=== WHAT YOU NEED TO DO ===
Set down the whole listing below exactly. The pictures stay out.

=== DATA PROVIDED ===
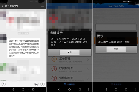 目前,格力派工系統(tǒng)已經(jīng)對(duì)非格力手機(jī)用戶取消了登錄限制,但仍會(huì)出現(xiàn)一條提示顯示: 派工系統(tǒng)升級(jí)中,非派工認(rèn)證設(shè)備,派工APP部分功能將會(huì)受限!
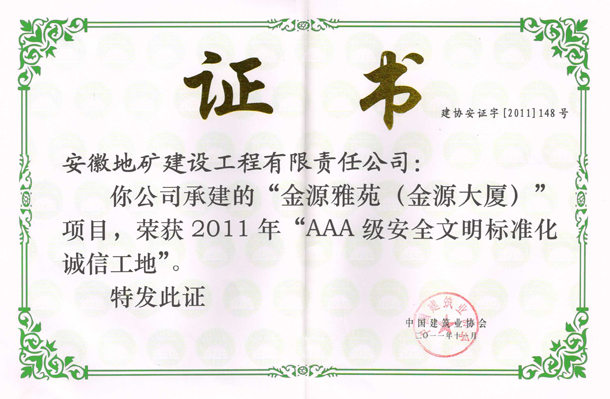 11月22日,中国建筑业协会建筑安全分会2011年年会暨会员代表大会在海南省海口市召开,我队地建公司副总经理计震率相关部门负责人参加代表大会。会议表彰了全国建设工程项目AAA级安全文明标准化诚信工地获奖项目,由我队地建公司承建的“金源雅苑(金源大厦)”项目荣列其中。
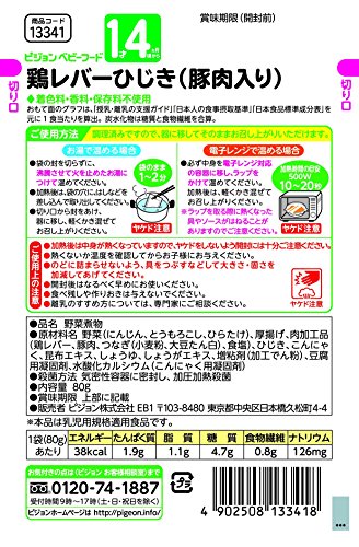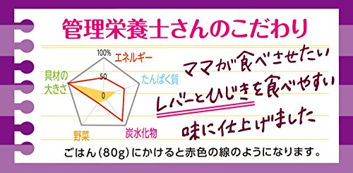 【原材料】 野菜(にんじん、とうもろこし、ひらたけ)、厚揚げ、肉加工品(鶏レバー、豚肉、つなぎ(小麦粉、大豆たん白)、食塩)、ひじき、こんにゃく、昆布エキス、しょうゆ、しょうがエキス、増粘剤(加工でん粉)、豆腐用凝固剤、水酸化カルシウム(こんにゃく用凝固剤) 【栄養成分(1袋(80g)あたり)】 エネルギー・・・38kcaL たんぱく質・・・1.9g 脂質・・・1.1g 糖質・・・4.7g 食物繊維・・・0.8g ナトリウム・・・126mg 【アレルギー物質】 小麦・大豆・鶏肉・豚肉 【使用方法】 ※調理済みですので、器に移してそのままお召し上がりいただけます。 ★お湯で温める場合 ・封を切らずに、沸騰させて火を止めたお湯に袋のまま1~2分つけて温めてください。 ・加熱後は、袋の穴に、はしなどを差し込んで取り出してください。 ・切り口から封をあけ、器に移し、軽くかき混ぜてお召し上がりください。 ★電子レンジで温める場合 ・必ず中身を電子レンジ対応の容器に移し、ラップをかけて温めてください。加熱後は、軽くかき混ぜてお召し上がりください。 (加熱時間の目安・・・10~20秒/500W) ※ラップを取る際に熱くなった具やソースがはねることがありますのでご注意ください。 【殺菌方法】 ・気密性容器に密封し、加圧加熱殺菌 【注意】 ・加熱後は中身が熱くなっていますので、やけどをしないよう開封には十分ご注意ください。 ・熱くないか温度を確認してからお子様にお与えください。 ・のどに詰まらせないよう、具をつぶすなどして大きさ・固さを加減してあげてください。 ・開封後はなるべく早めにお使いください。 ・食べ残しや作りおきは与えないでください。 ・離乳のすすめ方については、専門家にご相談ください。
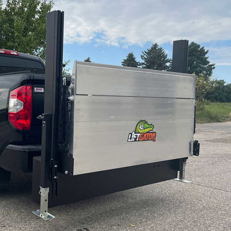 TruckGator is our liftgate for truck applications, featuring a 66” wide by 34” long platform with manual or power stabilizers. The capacity is rated at 1,300lbs and is easily removable. No modifications are necessary. Simply slide the unit into your hitch-receiver and you are ready to go!

=== RESPONSE TO THIS TASK ===
 目前,格力派工系統(tǒng)已經(jīng)對(duì)非格力手機(jī)用戶取消了登錄限制,但仍會(huì)出現(xiàn)一條提示顯示: 派工系統(tǒng)升級(jí)中,非派工認(rèn)證設(shè)備,派工APP部分功能將會(huì)受限!
 11月22日,中国建筑业协会建筑安全分会2011年年会暨会员代表大会在海南省海口市召开,我队地建公司副总经理计震率相关部门负责人参加代表大会。会议表彰了全国建设工程项目AAA级安全文明标准化诚信工地获奖项目,由我队地建公司承建的“金源雅苑(金源大厦)”项目荣列其中。
 【原材料】 野菜(にんじん、とうもろこし、ひらたけ)、厚揚げ、肉加工品(鶏レバー、豚肉、つなぎ(小麦粉、大豆たん白)、食塩)、ひじき、こんにゃく、昆布エキス、しょうゆ、しょうがエキス、増粘剤(加工でん粉)、豆腐用凝固剤、水酸化カルシウム(こんにゃく用凝固剤) 【栄養成分(1袋(80g)あたり)】 エネルギー・・・38kcaL たんぱく質・・・1.9g 脂質・・・1.1g 糖質・・・4.7g 食物繊維・・・0.8g ナトリウム・・・126mg 【アレルギー物質】 小麦・大豆・鶏肉・豚肉 【使用方法】 ※調理済みですので、器に移してそのままお召し上がりいただけます。 ★お湯で温める場合 ・封を切らずに、沸騰させて火を止めたお湯に袋のまま1~2分つけて温めてください。 ・加熱後は、袋の穴に、はしなどを差し込んで取り出してください。 ・切り口から封をあけ、器に移し、軽くかき混ぜてお召し上がりください。 ★電子レンジで温める場合 ・必ず中身を電子レンジ対応の容器に移し、ラップをかけて温めてください。加熱後は、軽くかき混ぜてお召し上がりください。 (加熱時間の目安・・・10~20秒/500W) ※ラップを取る際に熱くなった具やソースがはねることがありますのでご注意ください。 【殺菌方法】 ・気密性容器に密封し、加圧加熱殺菌 【注意】 ・加熱後は中身が熱くなっていますので、やけどをしないよう開封には十分ご注意ください。 ・熱くないか温度を確認してからお子様にお与えください。 ・のどに詰まらせないよう、具をつぶすなどして大きさ・固さを加減してあげてください。 ・開封後はなるべく早めにお使いください。 ・食べ残しや作りおきは与えないでください。 ・離乳のすすめ方については、専門家にご相談ください。
 TruckGator is our liftgate for truck applications, featuring a 66” wide by 34” long platform with manual or power stabilizers. The capacity is rated at 1,300lbs and is easily removable. No modifications are necessary. Simply slide the unit into your hitch-receiver and you are ready to go!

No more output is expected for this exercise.